Propagate all arguments in a Bash shell script

I am writing a very simple script that calls another script, and I need to propagate the parameters from my current script to the开发者_C百科 script I am executing.

For instance, my script name is foo.sh and calls bar.sh.

foo.sh:

bar $1 $2 $3 $4

How can I do this without explicitly specifying each parameter?

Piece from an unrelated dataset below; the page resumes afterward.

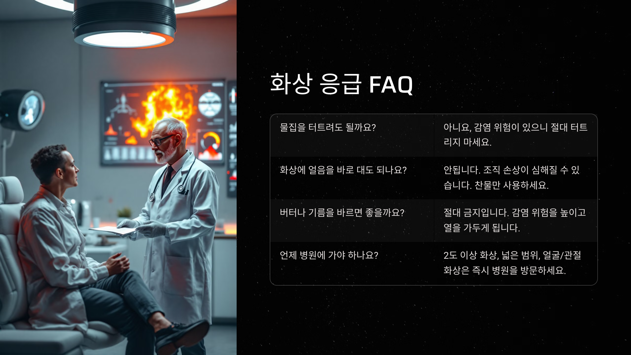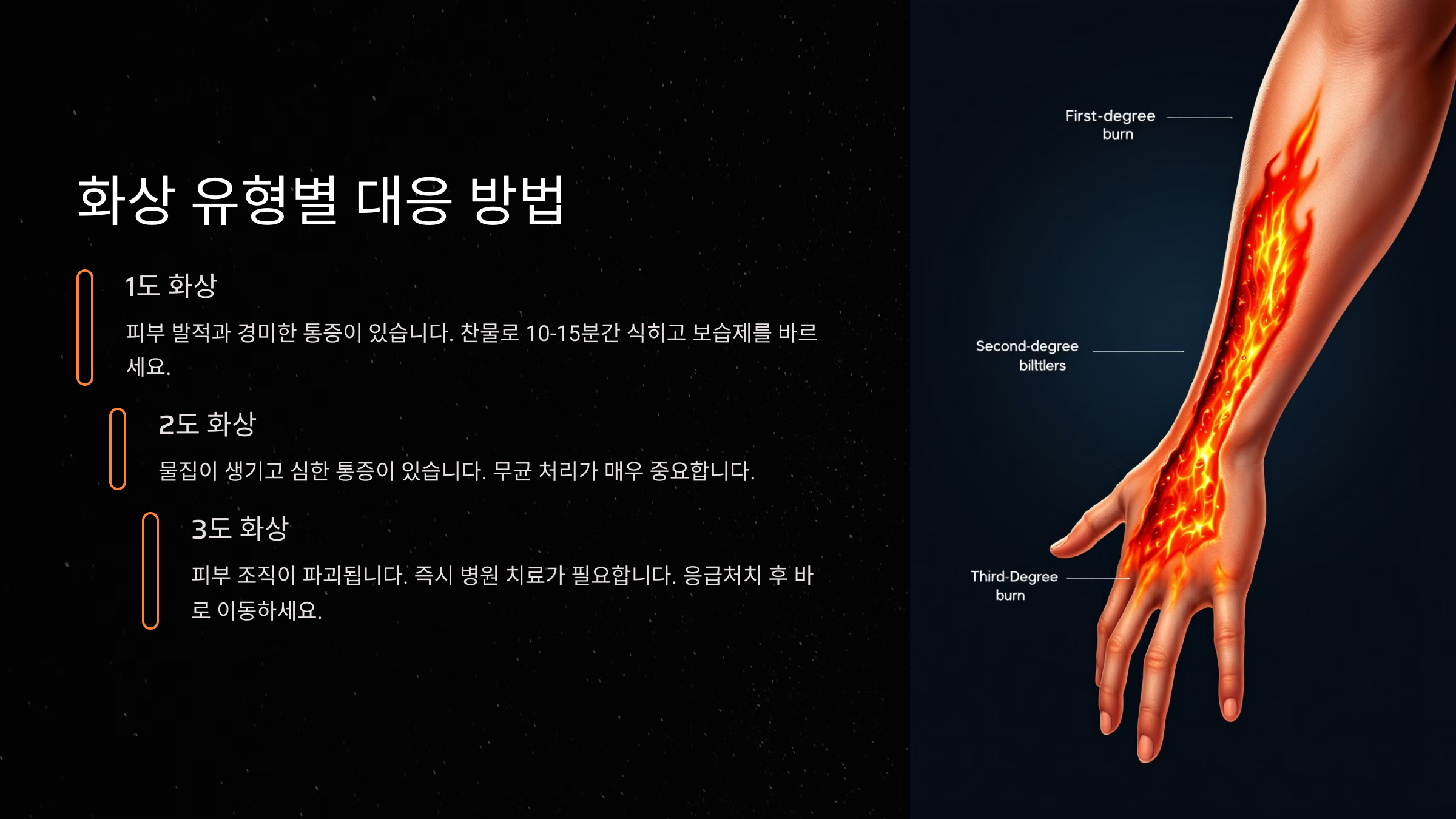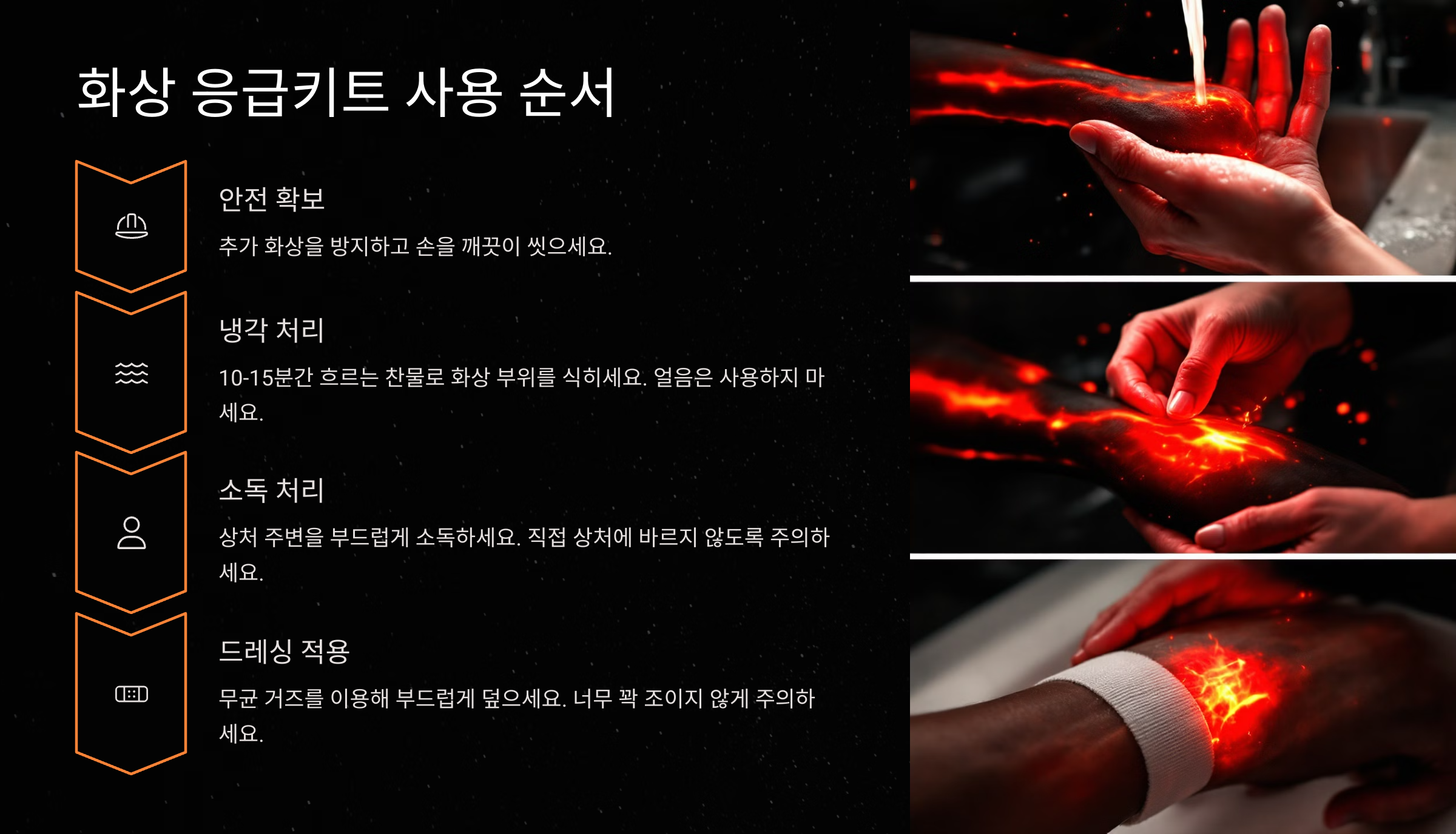 정리하자면, 열기 제거 → 냉각 → 세척 → 드레싱 → 이동, 이 다섯 단계만 기억하면 돼요. 연습삼아 가족들과 응급상황 시뮬레이션 해보는 것도 좋은 방법이에요. 실전에서는 놀라지 않고 움직이는 게 핵심이니까요. 🚨

Use "$@" instead of plain $@ if you actually wish your parameters to be passed the same.

Observe:

$ cat no_quotes.sh
#!/bin/bash
echo_args.sh $@

$ cat quotes.sh
#!/bin/bash
echo_args.sh "$@"

$ cat echo_args.sh
#!/bin/bash
echo Received: $1
echo Received: $2
echo Received: $3
echo Received: $4

$ ./no_quotes.sh first second
Received: first
Received: second
Received:
Received:

$ ./no_quotes.sh "one quoted arg"
Received: one
Received: quoted
Received: arg
Received:

$ ./quotes.sh first second
Received: first
Received: second
Received:
Received:

$ ./quotes.sh "one quoted arg"
Received: one quoted arg
Received:
Received:
Received:

For bash and other Bourne-like shells:

bar "$@"

Use "$@" (works for all POSIX compatibles).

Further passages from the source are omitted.